Records for processing —
┌──

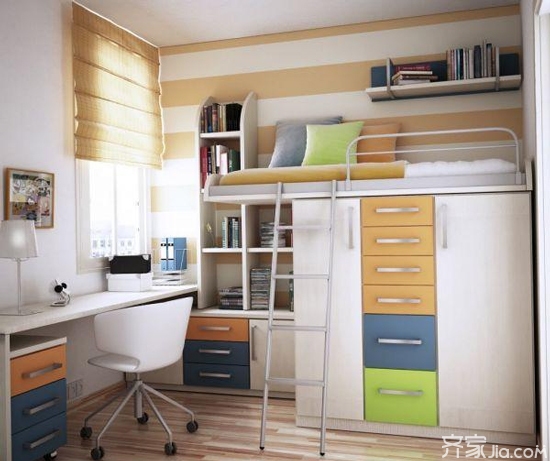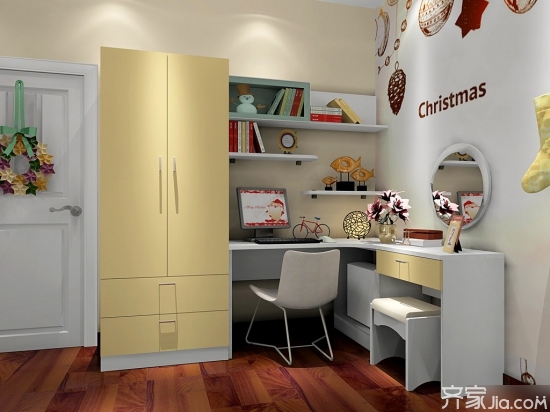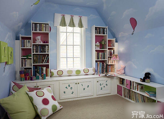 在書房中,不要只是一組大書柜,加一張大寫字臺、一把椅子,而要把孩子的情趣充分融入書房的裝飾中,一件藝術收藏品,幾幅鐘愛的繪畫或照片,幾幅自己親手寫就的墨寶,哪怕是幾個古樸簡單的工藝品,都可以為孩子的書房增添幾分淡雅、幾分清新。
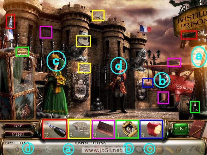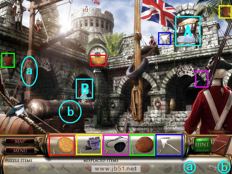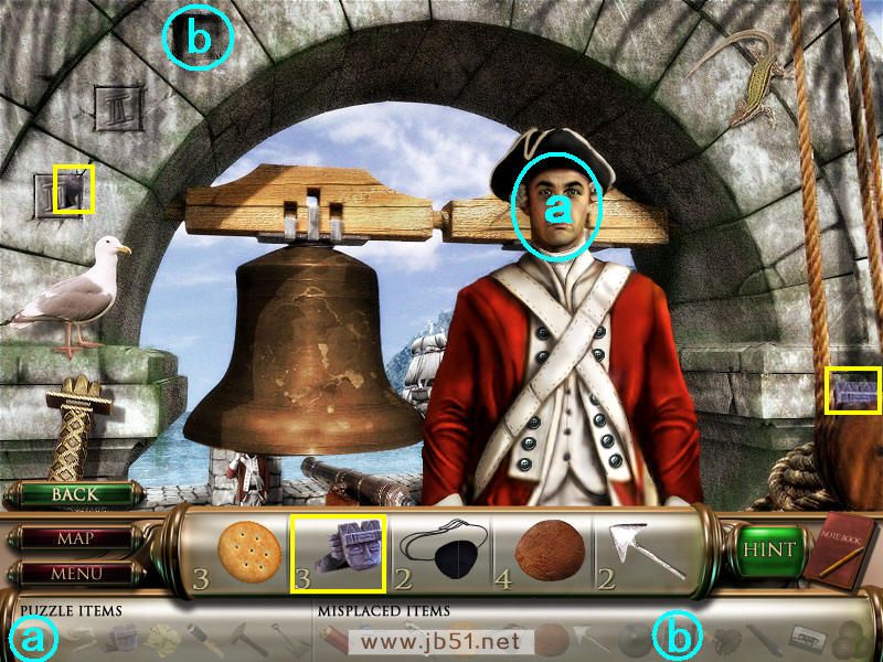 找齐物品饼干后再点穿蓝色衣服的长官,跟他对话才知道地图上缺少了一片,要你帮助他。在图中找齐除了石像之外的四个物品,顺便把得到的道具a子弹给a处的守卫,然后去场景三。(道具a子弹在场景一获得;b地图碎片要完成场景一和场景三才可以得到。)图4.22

└──
┌──

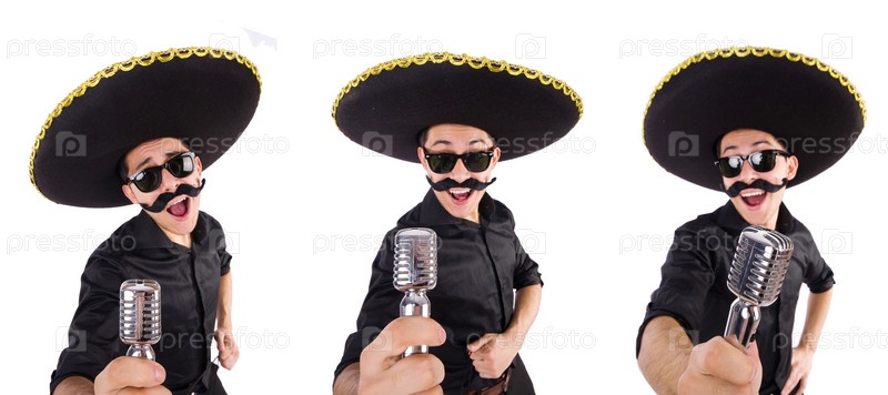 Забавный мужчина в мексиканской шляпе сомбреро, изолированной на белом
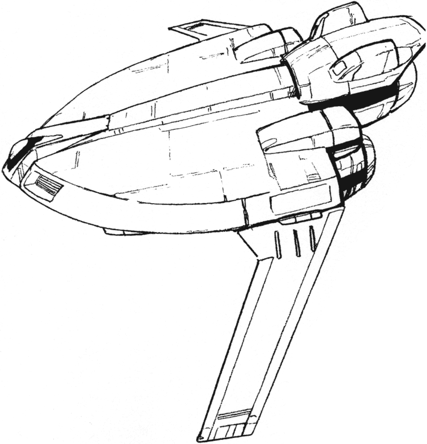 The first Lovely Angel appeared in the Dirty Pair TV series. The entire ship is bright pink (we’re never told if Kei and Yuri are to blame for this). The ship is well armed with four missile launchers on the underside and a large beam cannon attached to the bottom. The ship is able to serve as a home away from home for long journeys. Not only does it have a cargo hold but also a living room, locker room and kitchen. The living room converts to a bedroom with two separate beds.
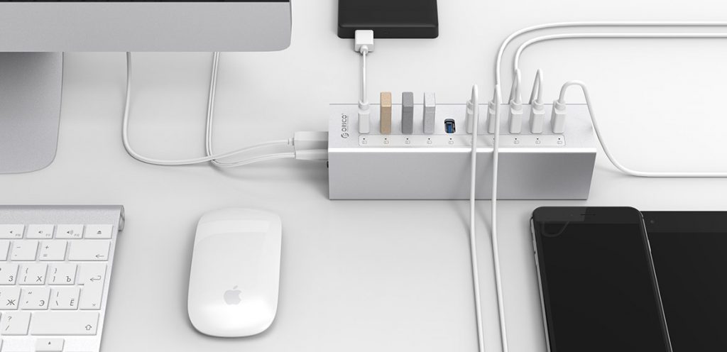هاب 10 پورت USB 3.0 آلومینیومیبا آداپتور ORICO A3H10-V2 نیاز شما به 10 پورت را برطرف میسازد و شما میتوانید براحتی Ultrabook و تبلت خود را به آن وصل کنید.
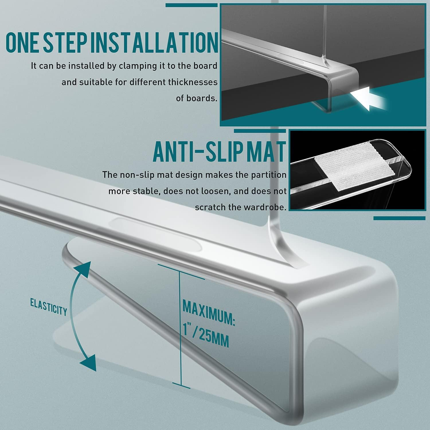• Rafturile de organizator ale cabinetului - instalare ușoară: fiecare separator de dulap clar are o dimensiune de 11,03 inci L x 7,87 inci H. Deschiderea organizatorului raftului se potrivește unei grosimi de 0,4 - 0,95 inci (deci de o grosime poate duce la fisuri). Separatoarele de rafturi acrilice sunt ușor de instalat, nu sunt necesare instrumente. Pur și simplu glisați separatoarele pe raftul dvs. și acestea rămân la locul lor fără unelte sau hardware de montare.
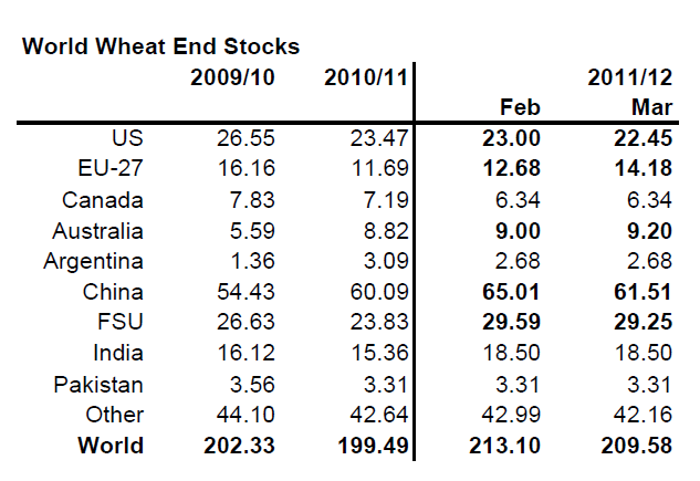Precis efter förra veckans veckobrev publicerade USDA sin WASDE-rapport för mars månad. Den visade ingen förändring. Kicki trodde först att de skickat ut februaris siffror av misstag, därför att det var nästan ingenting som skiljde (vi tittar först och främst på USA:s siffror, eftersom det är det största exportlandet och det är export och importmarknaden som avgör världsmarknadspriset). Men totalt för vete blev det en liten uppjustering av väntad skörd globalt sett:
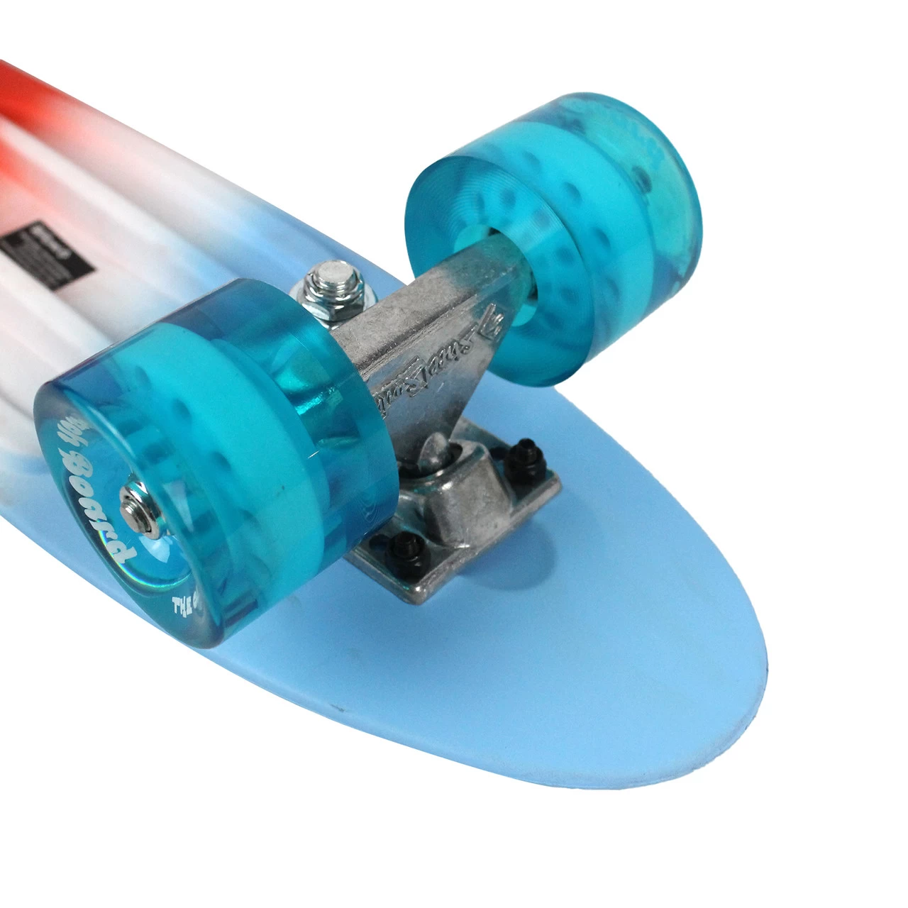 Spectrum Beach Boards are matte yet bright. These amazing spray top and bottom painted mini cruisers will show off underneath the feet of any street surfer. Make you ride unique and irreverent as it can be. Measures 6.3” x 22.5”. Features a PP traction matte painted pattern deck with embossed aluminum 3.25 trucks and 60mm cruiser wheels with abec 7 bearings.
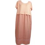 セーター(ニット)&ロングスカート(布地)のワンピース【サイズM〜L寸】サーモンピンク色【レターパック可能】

└──
┌──

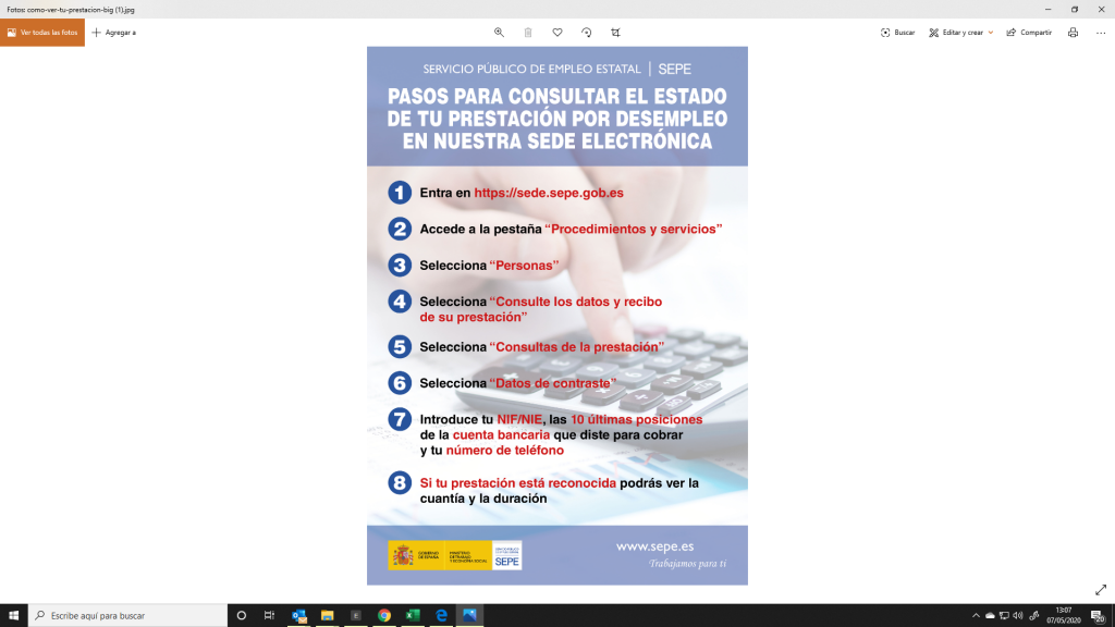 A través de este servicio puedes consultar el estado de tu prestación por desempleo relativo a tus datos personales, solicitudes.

└──

Description of the task — Only one stretch of the data is wanted: write out exactly the lines from the one holding "The first Lovely" through the one holding "セーター(ニット)&ロングス", both included, without the pictures.

Task response —
 The first Lovely Angel appeared in the Dirty Pair TV series. The entire ship is bright pink (we’re never told if Kei and Yuri are to blame for this). The ship is well armed with four missile launchers on the underside and a large beam cannon attached to the bottom. The ship is able to serve as a home away from home for long journeys. Not only does it have a cargo hold but also a living room, locker room and kitchen. The living room converts to a bedroom with two separate beds.
هاب 10 پورت USB 3.0 آلومینیومیبا آداپتور ORICO A3H10-V2 نیاز شما به 10 پورت را برطرف میسازد و شما میتوانید براحتی Ultrabook و تبلت خود را به آن وصل کنید.
• Rafturile de organizator ale cabinetului - instalare ușoară: fiecare separator de dulap clar are o dimensiune de 11,03 inci L x 7,87 inci H. Deschiderea organizatorului raftului se potrivește unei grosimi de 0,4 - 0,95 inci (deci de o grosime poate duce la fisuri). Separatoarele de rafturi acrilice sunt ușor de instalat, nu sunt necesare instrumente. Pur și simplu glisați separatoarele pe raftul dvs. și acestea rămân la locul lor fără unelte sau hardware de montare.
Precis efter förra veckans veckobrev publicerade USDA sin WASDE-rapport för mars månad. Den visade ingen förändring. Kicki trodde först att de skickat ut februaris siffror av misstag, därför att det var nästan ingenting som skiljde (vi tittar först och främst på USA:s siffror, eftersom det är det största exportlandet och det är export och importmarknaden som avgör världsmarknadspriset). Men totalt för vete blev det en liten uppjustering av väntad skörd globalt sett:
 Spectrum Beach Boards are matte yet bright. These amazing spray top and bottom painted mini cruisers will show off underneath the feet of any street surfer. Make you ride unique and irreverent as it can be. Measures 6.3” x 22.5”. Features a PP traction matte painted pattern deck with embossed aluminum 3.25 trucks and 60mm cruiser wheels with abec 7 bearings.
 セーター(ニット)&ロングスカート(布地)のワンピース【サイズM〜L寸】サーモンピンク色【レターパック可能】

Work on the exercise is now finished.